The Application of the Lymphoma International Prognostic Index to Predict Venous Thromboembolic Events in Diffuse Large B-Cell Lymphoma Patients.

BACKGROUND: Venous thromboembolic events (VTE) are commonly encountered in patients with lymphoma. Several risk assessments models (RAM) had attempted to identify higher risk patients with varying success. The International Prognostic Index (IPI) is a clinicopathological tool developed to help predict both response to treatment and prognosis of patients with diffuse large B-cell lymphoma (DLBCL).
OBJECTIVE: In this study, we utilize the IPI index to identify group of patients with DLBCL at higher risk for VTE. PATIENTS/
METHODS: Patients with pathologically-confirmed diagnosis of DLBCL and with image-confirmed VTE, treated and followed at our institution were included. Rates of VTE was calculated for each risk category.
RESULTS: A total of 373 patients, median age 49 (range: 18-90) years were included. VTE were reported in 56 (15.0%) patients; 51 (91.1%) had active disease while 29 (51.8%) were ambulatory at time of VTE diagnosis. VTE rates were particularly high among patients with poor performance status (26.2%, P=0.028) and high LDH (19.0%, P=0.023). Applying the age-adjusted IPI separated patients into two risk categories; VTE were diagnosed in 9.7% in patients with "low and low-intermediate" scores compared to 19.8% in patients with "high and high-intermediate" scores, P=0.020.
CONCLUSIONS: The original IPI and its modified versions, routinely used at diagnosis as a prognostic and predictive tool for patients with DLBCL, can also be utilized to define high risk patients for VTE; the risk of whom might be high enough to recommend thromboprophylaxis even in the ambulatory settings. More work is needed to refine and improve currently available RAMs.

Introduction

Venous thromboembolic events (VTE) are commonly encountered in patients with cancer (1). Compared to most patients with other tumors, it is widely believed that patients with non-Hodgkin’s lymphoma (NHL) are at even higher risk for VTE, especially those undergoing chemotherapy where VTE rate may reach 15% or higher (2, 3). Such episodes can be fatal, may delay chemotherapy and important invasive interventions and may lead to chronic complications that may negatively affective the quality of life (QoL) of survivors (4).

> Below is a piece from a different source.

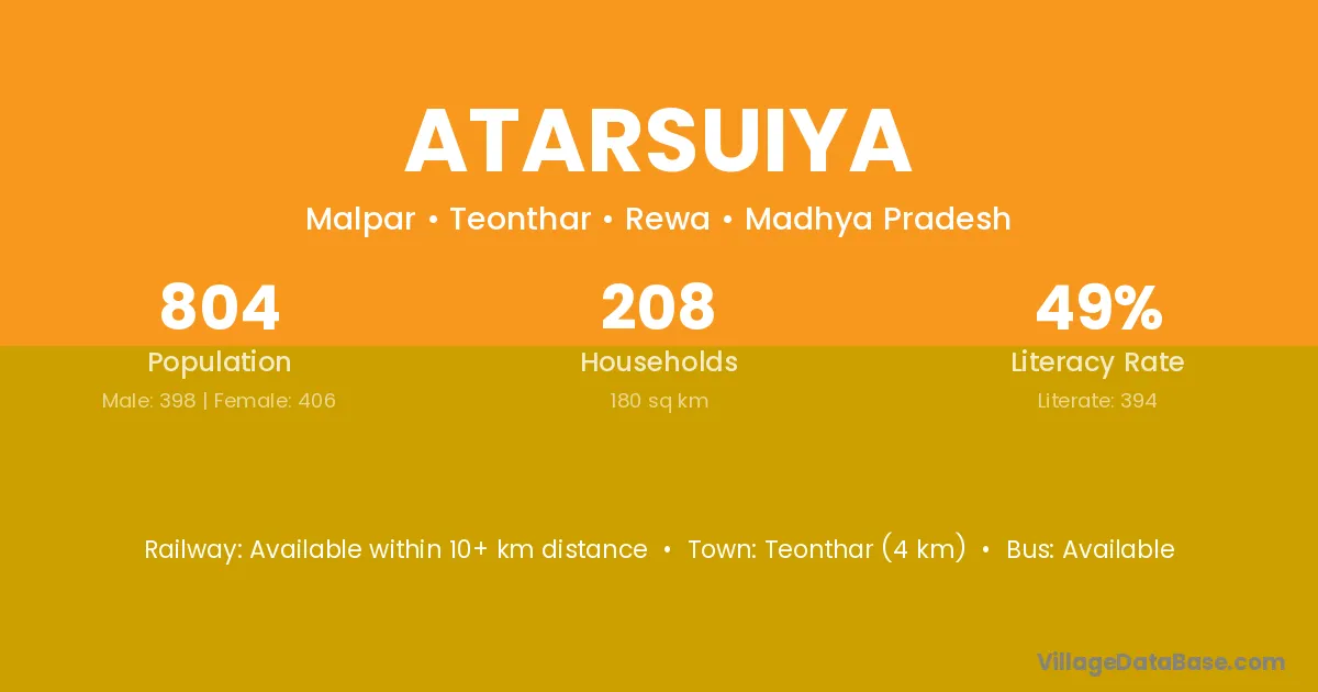 Teonthar (4 km) is the nearest town to Atarsuiya village for major economic activities and is located approximately 4 km away.

Diffuse large B-cell Non-Hodgkin’s lymphoma (DLBCL) is one of the aggressive and the most common histologic subtype of non-Hodgkin lymphoma (NHL), accounting for almost 25% of NHL encountered among adults worldwide (5, 6). Its incidence increases with age; the median age at presentation is 64 years but appears to be younger for other ethnicities, like African-American (7).

Thromboprophylaxis for surgical and medical patients, including those with cancer, admitted to the hospital with acute medical problem or for surgical intervention is widely practiced and improving (8). However, patients with cancer, including those receiving infusion chemotherapy, are treated in the outpatient settings. Many studies had shown that majority of cancer patients develop their VTE while in ambulatory settings where VTE prophylaxis is not routinely practiced (9).

Several risk assessments models (RAM) for chemotherapy-associated thrombosis attempted to identify patients at higher risk for VTE (10–13). Due to poor discriminatory performance, particularly when studied on a single disease cohort, most of such models have proven to be of limited clinical utility (14–17). Given these limitations, Antic et al. developed and validated a new model, known as the Thrombosis Lymphoma (ThroLy) score, to predict thromboembolic events in lymphoma patients (18, 19).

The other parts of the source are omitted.